Include text answering questions and images of your visualizations (from screenshots or copying and pasting right from Tableau or RStudio into your document). Explain very briefly how you created the visualization and include R code files in your Dropbox submission.



    1) (20 pts) This problem will not only give you practice creating visualizations, but requires you to follow carefully a somewhat complicated specification of experimental data and use visualization for problem solving. Recall the perception experiment from our first week. You saw a sequence of slides each with four encoded values, marked A, B, C and D. You were supposed to write down the values for B, C and D as a proportion of A. On each slide the encodings (e.g. aligned bar, volume, etc.) changed, and each encoding was repeated. The data file for this problem, PerceptionExperiment.csv, contains the results from 92 previous students. (For those interested in experimental design, note that the order of the slides was changed for different classes.)

Here is how the data are laid out in columns: each type of encoding is a Test, and each one got displayed with two separate slides.

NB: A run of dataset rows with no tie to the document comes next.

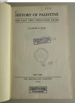 Fundmeldung History of Palestine. The last two thousand years. Autor:in De Haas, J. Verlag Macmillan Objektart Buch Lost Art-ID632698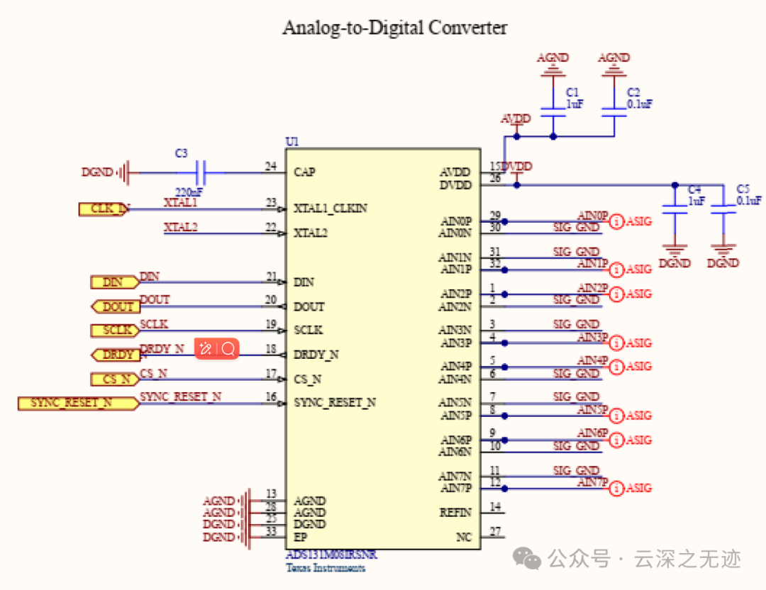 使用现成的八通道同步 delta-sigma ADC 来数字化生物电势。所有通道共享相同的参考,这些参考连接到 FFC 接头的参考引脚。当提供 2.048 MHz 时钟时,ADC 可以以 62.5 Hz 至 8 kHz 的采样率数字化所有通道,精度为 24 位或 16 位。
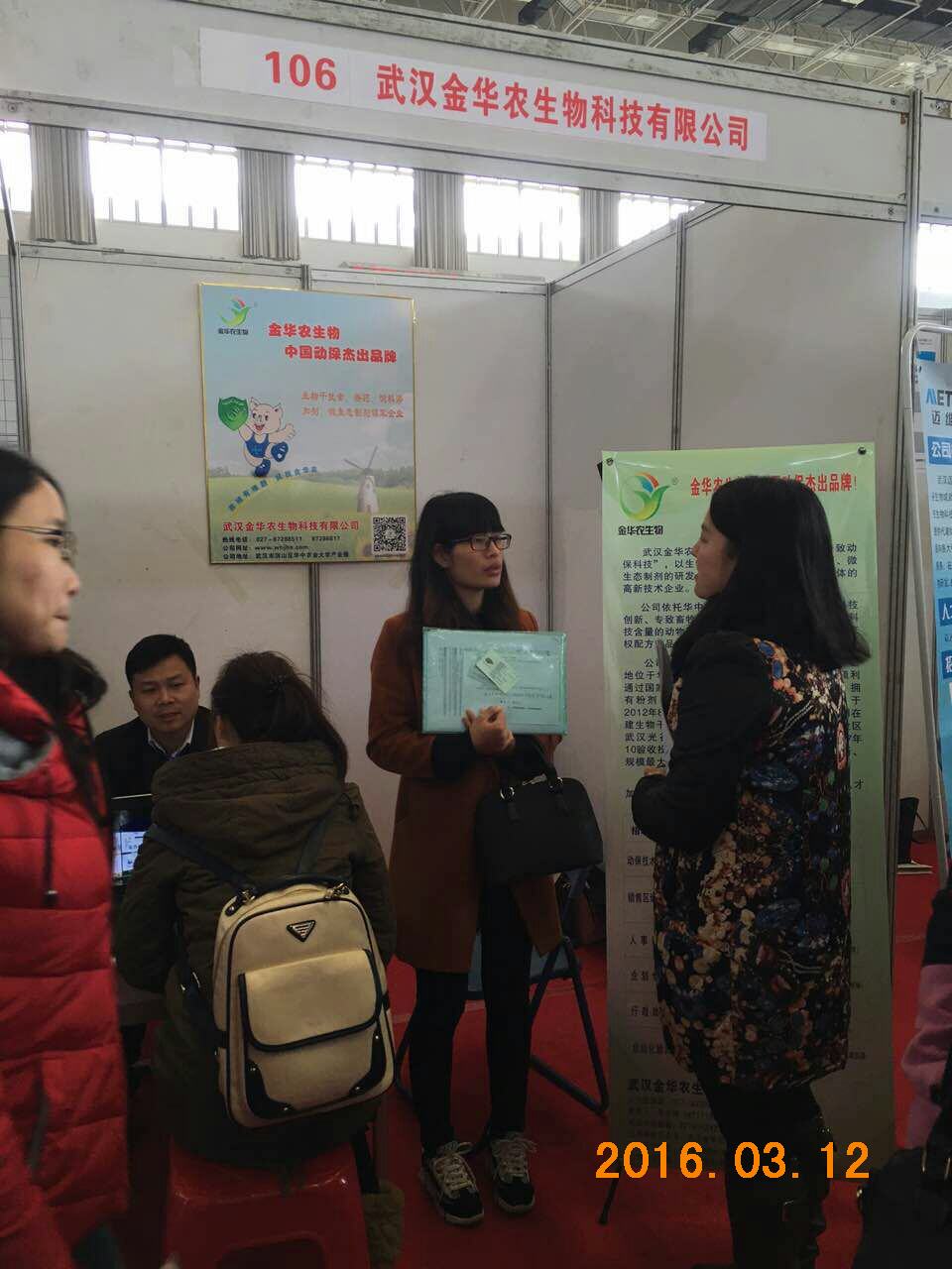 2016年3月12日,由湖北省高校畢業(yè)生就業(yè)指導(dǎo)服務(wù)中心和華中農(nóng)業(yè)大學(xué)共同舉辦的2016屆畢業(yè)生春季供需見(jiàn)面會(huì)在學(xué)校體育館舉行,5000余名高校學(xué)子參加了現(xiàn)場(chǎng)見(jiàn)面會(huì)。武漢金華農(nóng)生物應(yīng)邀參加,攜8大種類(lèi)共66個(gè)崗位高校攬才。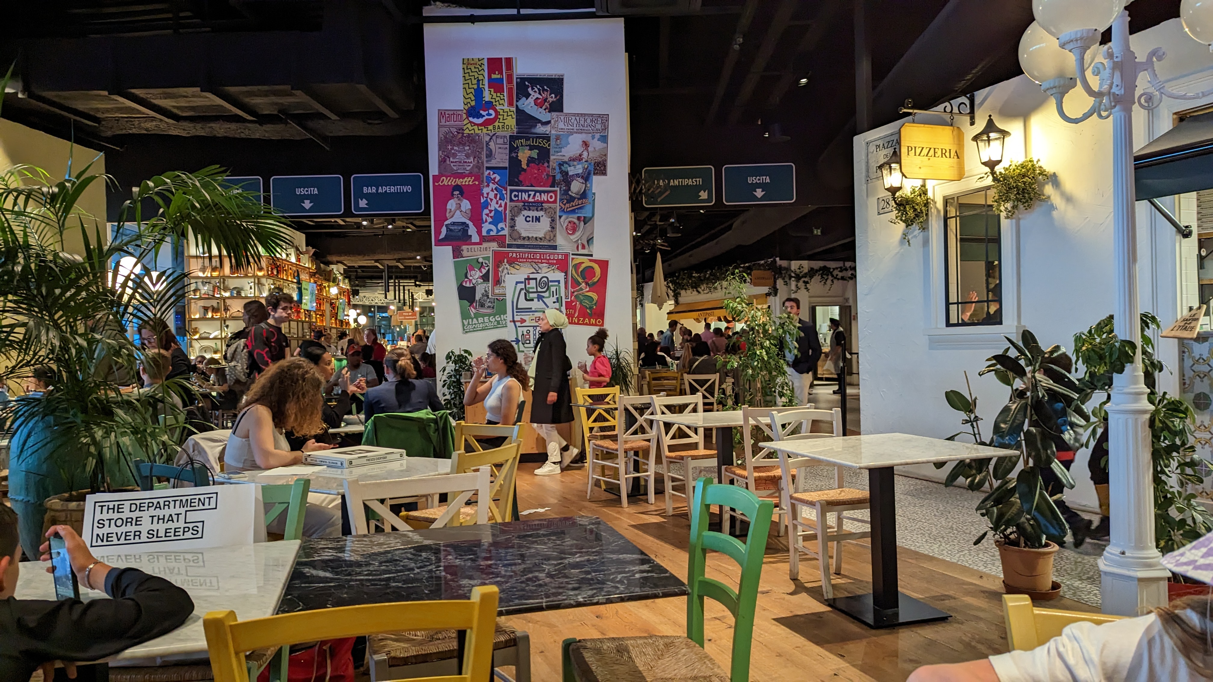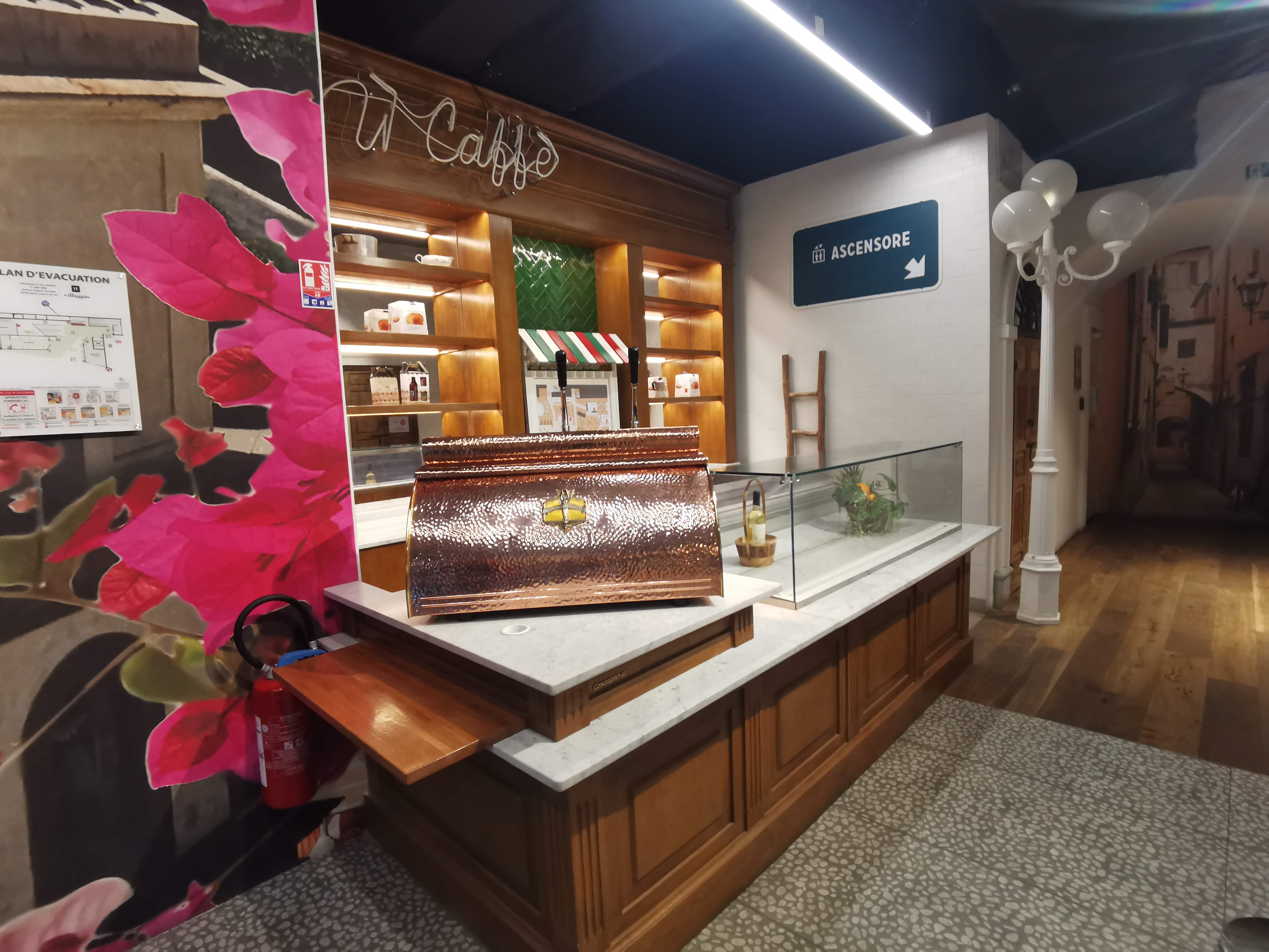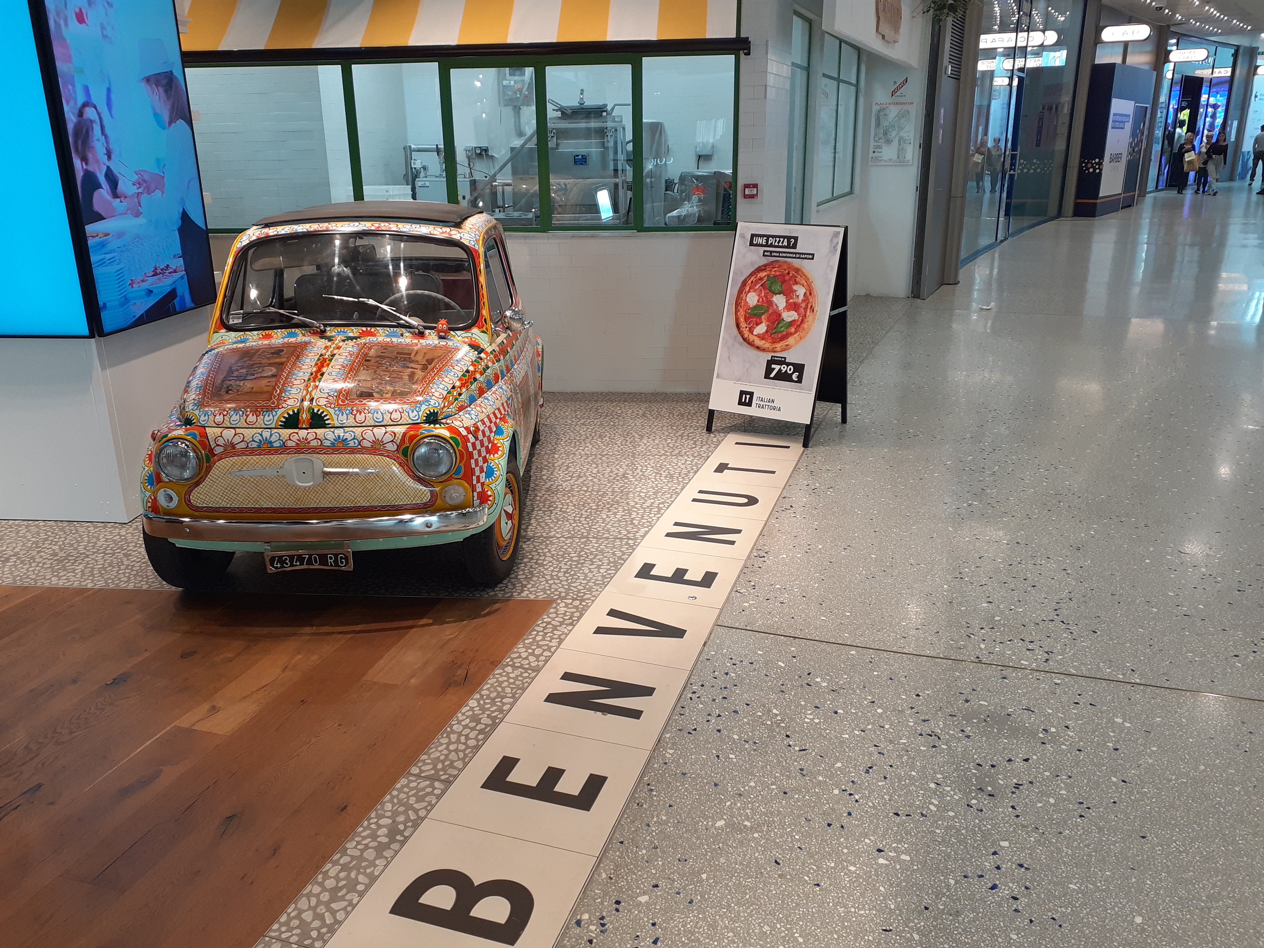 Passez un escalator pour quitter la France et vous retrouver dans une petite Italie. La déco et l'ambiance sont au rendez-vous. Pastas, pizzas, pâtisseries... Bienvenue en Italie !

The individual PowerPoint slides are called Displays. Each individual Display of each Test, has a unique TestNumber. Each sample that you estimated a value for was labelled B, C or D as its Trial. The Subjects are the students and the estimates they made are the Responses. Each row has a copy of the TrueValue, i.e. the correct value that the student should have entered (if the whole point weren’t how hard it is).

One way to help yourself understand this is to open the data up in RStudio (or Excel) and scroll through the rows. If you watch how the variable values change as you scroll, you will see what is happening. It is also helpful to use functions like select, unique, filter, group_by and summarize to get intuition. For example, use select to pick Test and then pipe to unique to find out how many encodings there were (group_by Test and then summarise accomplishes the same). Try group_by with Test, Display, TestNumber piped to summarise and then arrange to sort by TestNumber. See our earlier tidyverse tutorial for more information.

The Responses themselves are not very useful for initial visualizations because they will naturally cluster around each True Value. The first thing you will need to do is to create a new column that contains the amount of error. Define Error:

Error = Response – TrueValue
Explore the data for the following features and display them as clearly as possible using any techniques that we have covered for displaying and comparing distributions. You may do this either in R or Tableau, but be aware that R will give you more options for your visualization. In either case, be thorough in looking at what methods are appropriate. Focus on the clarity of the display, keeping in mind the criteria from the lectures on clarity and accuracy.

        a. Were there any tests where people generally underestimated or overestimated the data? Explain what field you can graph to test this, what graphical method reveals this clearly. Analyze the results and explain in a short paragraph.

        b. Use a univariate scatterplot or another technique that shows fine detail for a collection of distributions. For each Test (don’t divide between Display 1 & 2 or Trial B, C and D) plot the AbsoluteError (absolute value of Error). Then write a short paragraph of analysis. How do the distributions of the data compare across the different methods our perception test studied for encoding numerical data visually? Is there any noticeable clumping of responses for any of the methods?
        c. Compare the data for Displays 1 and 2 for subjects 56-73 (you will need to filter the data in Tableau or R). Create a visualization that shows any differences in the response patterns between the two. These subjects all saw the first set of Displays before the second set. Is there any difference in the values for Displays 1 and 2? Did the participants get better at judging after having done it once?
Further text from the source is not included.